*** Opening Data excerpt ***

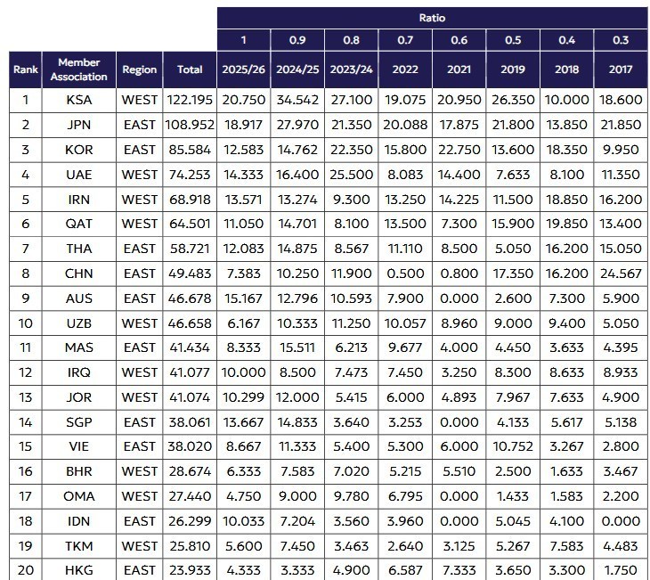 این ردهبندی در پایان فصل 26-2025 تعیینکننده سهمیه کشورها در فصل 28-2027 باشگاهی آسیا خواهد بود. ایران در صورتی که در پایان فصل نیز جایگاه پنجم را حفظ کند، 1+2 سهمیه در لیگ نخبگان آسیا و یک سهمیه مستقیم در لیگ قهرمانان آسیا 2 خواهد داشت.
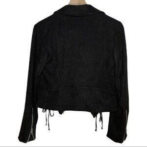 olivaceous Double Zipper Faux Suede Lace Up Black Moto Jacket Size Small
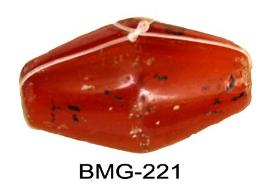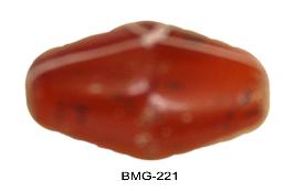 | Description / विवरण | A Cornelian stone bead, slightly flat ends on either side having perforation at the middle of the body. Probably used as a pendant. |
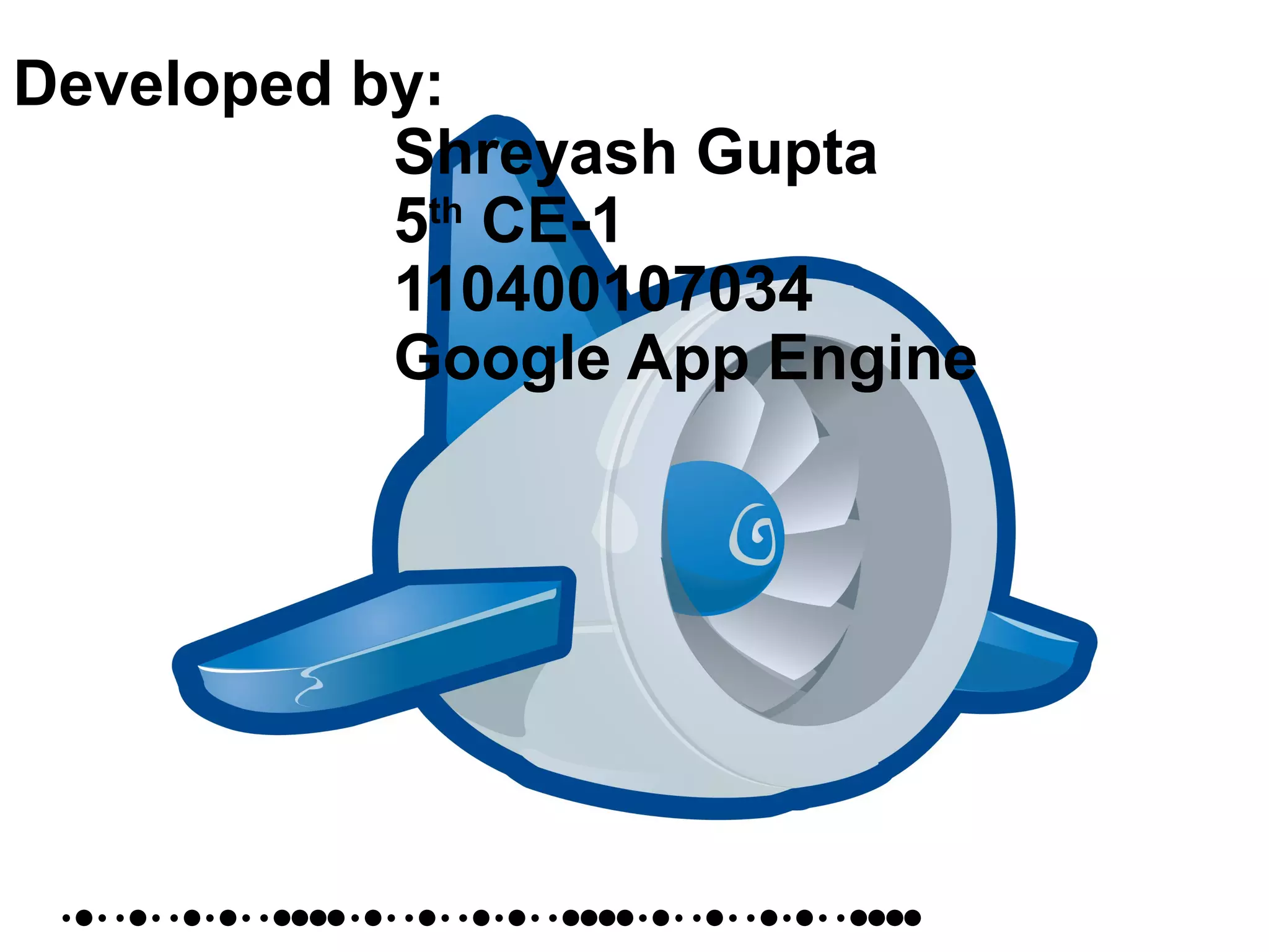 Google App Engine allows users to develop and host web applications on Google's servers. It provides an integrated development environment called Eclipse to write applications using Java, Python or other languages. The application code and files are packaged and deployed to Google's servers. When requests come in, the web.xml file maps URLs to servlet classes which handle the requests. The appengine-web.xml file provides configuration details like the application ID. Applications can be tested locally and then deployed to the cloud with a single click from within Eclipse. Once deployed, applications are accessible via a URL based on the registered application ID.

*** Closing Data excerpt ***

__Your objective__
Write out the lines of the material above exactly, from its first line through the line that contains "olivaceous Double Zipper", so that no picture appears in the copy.

__Task output__
 این ردهبندی در پایان فصل 26-2025 تعیینکننده سهمیه کشورها در فصل 28-2027 باشگاهی آسیا خواهد بود. ایران در صورتی که در پایان فصل نیز جایگاه پنجم را حفظ کند، 1+2 سهمیه در لیگ نخبگان آسیا و یک سهمیه مستقیم در لیگ قهرمانان آسیا 2 خواهد داشت.
 olivaceous Double Zipper Faux Suede Lace Up Black Moto Jacket Size Small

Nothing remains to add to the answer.